The immunofluorescence test for ANA is positive in almost every patient with SLE → the sensitivity is high. However, patients with other autoimmune diseases may also score positive → not very specific. Immunofluorescence patterns do not correspond uniquely to a specific antibody → after a positive result of the ANA-test, it needs to be determined whether the patient has antibodies to dsDNA.

Patterns of injury in lupus nephritis

Glomerular injuries, and also the clinical symptoms, are determined by immune complex localization. There are 3 patterns of injury:

• Mesangial injury → lupus I and II
  • Asymptomatic proteinuria
  • Microscopic hematuria
• Endocapillary injury → lupus III and IV
  • Hematuria
  • Loss of GFR
  • Proteinuria
  • Inflammatory lesions
• Epithelial injury → lupus V
  • Nephrotic range proteinuria
  • Non-inflammatory lesions

All 3 can be combined → for instance, a patient can have lupus III + V.
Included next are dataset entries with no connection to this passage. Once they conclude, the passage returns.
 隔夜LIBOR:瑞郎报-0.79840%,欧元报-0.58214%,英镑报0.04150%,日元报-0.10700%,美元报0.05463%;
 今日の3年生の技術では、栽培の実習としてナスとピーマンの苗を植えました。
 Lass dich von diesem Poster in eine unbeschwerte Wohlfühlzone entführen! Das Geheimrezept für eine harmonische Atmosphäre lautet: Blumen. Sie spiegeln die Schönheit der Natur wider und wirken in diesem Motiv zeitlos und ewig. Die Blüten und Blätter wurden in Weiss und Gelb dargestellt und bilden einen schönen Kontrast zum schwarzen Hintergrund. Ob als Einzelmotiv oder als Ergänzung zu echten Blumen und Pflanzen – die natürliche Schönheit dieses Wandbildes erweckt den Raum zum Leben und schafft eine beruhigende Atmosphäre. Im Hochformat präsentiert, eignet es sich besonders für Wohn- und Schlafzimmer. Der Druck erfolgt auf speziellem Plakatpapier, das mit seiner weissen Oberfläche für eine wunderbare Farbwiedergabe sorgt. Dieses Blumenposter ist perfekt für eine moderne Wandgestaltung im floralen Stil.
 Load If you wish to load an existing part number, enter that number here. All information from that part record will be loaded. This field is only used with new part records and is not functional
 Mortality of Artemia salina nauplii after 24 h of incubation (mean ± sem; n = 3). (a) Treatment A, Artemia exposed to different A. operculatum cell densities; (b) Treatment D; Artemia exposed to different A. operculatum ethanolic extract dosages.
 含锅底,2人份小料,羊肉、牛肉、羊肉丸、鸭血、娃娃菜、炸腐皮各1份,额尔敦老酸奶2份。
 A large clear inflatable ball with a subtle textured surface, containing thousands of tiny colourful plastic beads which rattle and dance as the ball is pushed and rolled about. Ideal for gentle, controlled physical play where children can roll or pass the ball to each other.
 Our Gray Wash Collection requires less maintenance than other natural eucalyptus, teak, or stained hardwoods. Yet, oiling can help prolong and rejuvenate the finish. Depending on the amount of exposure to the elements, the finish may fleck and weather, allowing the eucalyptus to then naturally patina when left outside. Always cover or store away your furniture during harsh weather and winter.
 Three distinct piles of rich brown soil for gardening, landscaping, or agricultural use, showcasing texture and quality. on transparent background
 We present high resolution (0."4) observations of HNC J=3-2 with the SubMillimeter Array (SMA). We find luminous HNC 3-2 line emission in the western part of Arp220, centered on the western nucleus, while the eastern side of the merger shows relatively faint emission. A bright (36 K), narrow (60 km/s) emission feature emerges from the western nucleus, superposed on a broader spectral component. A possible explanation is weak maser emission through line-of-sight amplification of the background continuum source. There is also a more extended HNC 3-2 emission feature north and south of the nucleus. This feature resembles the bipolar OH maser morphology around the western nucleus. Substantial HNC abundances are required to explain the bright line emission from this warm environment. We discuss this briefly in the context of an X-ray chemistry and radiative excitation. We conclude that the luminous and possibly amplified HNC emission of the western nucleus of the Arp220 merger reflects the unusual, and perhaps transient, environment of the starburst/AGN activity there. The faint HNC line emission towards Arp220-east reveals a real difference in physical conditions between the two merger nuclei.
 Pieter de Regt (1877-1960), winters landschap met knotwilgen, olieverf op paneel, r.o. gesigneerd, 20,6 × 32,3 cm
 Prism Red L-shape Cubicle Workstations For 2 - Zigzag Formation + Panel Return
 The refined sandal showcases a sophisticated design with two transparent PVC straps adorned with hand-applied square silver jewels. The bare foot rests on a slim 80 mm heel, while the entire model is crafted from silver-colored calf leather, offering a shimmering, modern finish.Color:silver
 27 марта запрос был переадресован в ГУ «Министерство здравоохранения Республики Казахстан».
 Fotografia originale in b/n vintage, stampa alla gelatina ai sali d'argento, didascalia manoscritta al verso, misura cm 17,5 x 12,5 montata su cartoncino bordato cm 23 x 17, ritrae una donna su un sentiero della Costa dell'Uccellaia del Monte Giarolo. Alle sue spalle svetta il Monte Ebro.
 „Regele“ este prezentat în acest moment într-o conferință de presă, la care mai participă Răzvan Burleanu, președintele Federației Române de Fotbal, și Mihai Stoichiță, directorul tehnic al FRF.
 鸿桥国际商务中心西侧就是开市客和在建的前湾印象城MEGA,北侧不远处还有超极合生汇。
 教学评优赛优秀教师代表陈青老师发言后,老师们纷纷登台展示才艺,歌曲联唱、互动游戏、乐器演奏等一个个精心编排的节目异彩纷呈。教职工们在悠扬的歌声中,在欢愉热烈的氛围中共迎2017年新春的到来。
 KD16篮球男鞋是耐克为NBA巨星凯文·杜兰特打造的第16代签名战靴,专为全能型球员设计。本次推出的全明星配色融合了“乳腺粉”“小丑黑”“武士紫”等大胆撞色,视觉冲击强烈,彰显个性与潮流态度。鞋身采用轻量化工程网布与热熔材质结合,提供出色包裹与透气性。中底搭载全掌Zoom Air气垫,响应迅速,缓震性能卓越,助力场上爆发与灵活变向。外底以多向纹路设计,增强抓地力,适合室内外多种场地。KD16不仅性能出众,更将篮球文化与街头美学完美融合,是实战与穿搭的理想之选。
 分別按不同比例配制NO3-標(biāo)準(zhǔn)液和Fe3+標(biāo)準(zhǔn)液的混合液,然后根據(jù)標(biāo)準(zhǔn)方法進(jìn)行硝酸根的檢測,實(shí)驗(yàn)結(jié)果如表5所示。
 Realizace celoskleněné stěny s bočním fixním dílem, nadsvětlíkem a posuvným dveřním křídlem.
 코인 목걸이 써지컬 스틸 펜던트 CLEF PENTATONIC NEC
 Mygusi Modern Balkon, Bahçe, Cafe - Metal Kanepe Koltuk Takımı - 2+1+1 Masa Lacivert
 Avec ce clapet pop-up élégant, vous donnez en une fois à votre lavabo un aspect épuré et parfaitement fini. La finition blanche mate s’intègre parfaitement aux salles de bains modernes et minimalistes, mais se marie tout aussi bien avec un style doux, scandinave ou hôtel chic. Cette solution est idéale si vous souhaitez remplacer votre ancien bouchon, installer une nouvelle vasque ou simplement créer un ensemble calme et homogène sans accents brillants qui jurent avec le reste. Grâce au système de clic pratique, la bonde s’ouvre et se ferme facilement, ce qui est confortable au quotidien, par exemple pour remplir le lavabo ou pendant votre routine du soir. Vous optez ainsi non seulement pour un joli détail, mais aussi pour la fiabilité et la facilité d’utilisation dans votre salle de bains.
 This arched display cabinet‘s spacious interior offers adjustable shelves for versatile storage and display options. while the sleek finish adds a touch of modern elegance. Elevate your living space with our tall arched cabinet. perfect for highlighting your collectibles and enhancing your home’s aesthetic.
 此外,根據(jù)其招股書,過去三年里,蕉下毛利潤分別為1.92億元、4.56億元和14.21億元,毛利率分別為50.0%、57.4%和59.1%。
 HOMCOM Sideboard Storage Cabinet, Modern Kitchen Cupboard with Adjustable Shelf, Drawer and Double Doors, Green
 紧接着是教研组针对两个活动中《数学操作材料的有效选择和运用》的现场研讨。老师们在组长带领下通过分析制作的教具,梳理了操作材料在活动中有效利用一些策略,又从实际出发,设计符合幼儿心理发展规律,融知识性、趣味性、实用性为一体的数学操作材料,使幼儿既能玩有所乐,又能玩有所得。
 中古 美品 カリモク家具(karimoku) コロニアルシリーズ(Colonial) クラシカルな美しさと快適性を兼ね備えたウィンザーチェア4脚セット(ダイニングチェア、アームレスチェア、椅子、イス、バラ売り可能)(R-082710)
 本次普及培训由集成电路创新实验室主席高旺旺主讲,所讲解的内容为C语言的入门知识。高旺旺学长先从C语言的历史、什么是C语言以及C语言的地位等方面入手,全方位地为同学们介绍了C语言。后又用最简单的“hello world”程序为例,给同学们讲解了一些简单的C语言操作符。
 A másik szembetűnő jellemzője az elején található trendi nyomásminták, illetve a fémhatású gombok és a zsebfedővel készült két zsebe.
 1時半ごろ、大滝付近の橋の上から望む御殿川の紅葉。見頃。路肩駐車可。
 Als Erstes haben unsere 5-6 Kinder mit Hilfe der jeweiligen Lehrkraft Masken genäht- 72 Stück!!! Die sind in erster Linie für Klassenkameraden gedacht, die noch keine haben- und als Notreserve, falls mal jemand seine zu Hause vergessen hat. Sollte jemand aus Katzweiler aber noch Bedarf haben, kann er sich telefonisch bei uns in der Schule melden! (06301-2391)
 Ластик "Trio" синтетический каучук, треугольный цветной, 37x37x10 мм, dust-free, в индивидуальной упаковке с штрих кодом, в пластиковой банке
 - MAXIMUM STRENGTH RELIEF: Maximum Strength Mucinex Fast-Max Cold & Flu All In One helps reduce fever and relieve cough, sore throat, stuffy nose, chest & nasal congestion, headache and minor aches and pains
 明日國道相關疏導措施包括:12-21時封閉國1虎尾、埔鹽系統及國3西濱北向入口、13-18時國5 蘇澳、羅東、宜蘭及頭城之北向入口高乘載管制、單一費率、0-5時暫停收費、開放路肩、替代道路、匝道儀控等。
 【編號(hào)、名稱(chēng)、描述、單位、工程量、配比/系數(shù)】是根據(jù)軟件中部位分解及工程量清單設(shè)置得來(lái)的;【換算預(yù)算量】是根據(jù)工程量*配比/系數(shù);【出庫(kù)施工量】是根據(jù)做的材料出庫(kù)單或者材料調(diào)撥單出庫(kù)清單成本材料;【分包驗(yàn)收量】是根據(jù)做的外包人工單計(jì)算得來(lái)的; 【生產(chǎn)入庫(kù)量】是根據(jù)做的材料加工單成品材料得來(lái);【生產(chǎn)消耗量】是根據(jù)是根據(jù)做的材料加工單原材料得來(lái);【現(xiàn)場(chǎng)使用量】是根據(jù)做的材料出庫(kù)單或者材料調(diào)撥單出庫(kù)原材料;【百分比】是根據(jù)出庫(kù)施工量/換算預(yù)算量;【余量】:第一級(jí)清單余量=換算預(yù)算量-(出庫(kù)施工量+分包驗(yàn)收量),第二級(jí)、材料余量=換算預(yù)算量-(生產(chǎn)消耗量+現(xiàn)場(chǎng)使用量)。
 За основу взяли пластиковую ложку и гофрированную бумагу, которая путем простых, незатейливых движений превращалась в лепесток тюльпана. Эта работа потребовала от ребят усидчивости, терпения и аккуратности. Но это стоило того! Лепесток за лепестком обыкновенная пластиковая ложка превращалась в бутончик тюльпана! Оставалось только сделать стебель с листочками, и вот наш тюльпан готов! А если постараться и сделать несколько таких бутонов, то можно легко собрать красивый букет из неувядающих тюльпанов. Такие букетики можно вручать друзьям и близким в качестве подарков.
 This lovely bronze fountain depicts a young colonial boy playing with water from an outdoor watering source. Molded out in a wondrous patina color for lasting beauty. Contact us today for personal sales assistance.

Classification of lupus nephritis

Lupus nephritis can have so many different faces that an international classification system is necessary for clinicians and pathologists to know what they are talking about:

• Lupus nephritis class I
  • Normal histology → no lesions at all
  • Full house immunofluorescence
• Lupus nephritis class II
  • Mesangial changes
  • Full house immunofluorescence
  • Deposits in the mesangium
• Lupus nephritis class III
  • Proliferative lesions in <50% of glomeruli
  • Full house immunofluorescence → subendothelial deposits
• Lupus nephritis class IV
  • Proliferative lesions in >50% of glomeruli
  • Full house immunofluorescence → subendothelial deposits
• Lupus nephritis class V
  • Subepithelial deposits
  • Membranous pattern of spikes
  • Full house immunofluorescence
• Lupus nephritis class VI
  • Global glomerulosclerosis in >90% of glomeruli
    • End stage renal failure
  • Full house immunofluorescence

Full house means that all 5 major immunofluorescent stains (IgM, IgG, IgA, C3 and C1q) on a renal biopsy are positive.

Therapy:

Therapy depends on the given class. The histopathology cannot be deducted from the clinical symptoms → in time, class changes may occur. The histopathological “damage index” correlates with the patient’s renal prognosis.

Anti-phospholipid antibodies

Anti-phospholipid antibodies are often present in lupus patients. Patients with these antibodies have an increased risk of blood clots and an increased risk of miscarriages. Thrombogenic events can occur.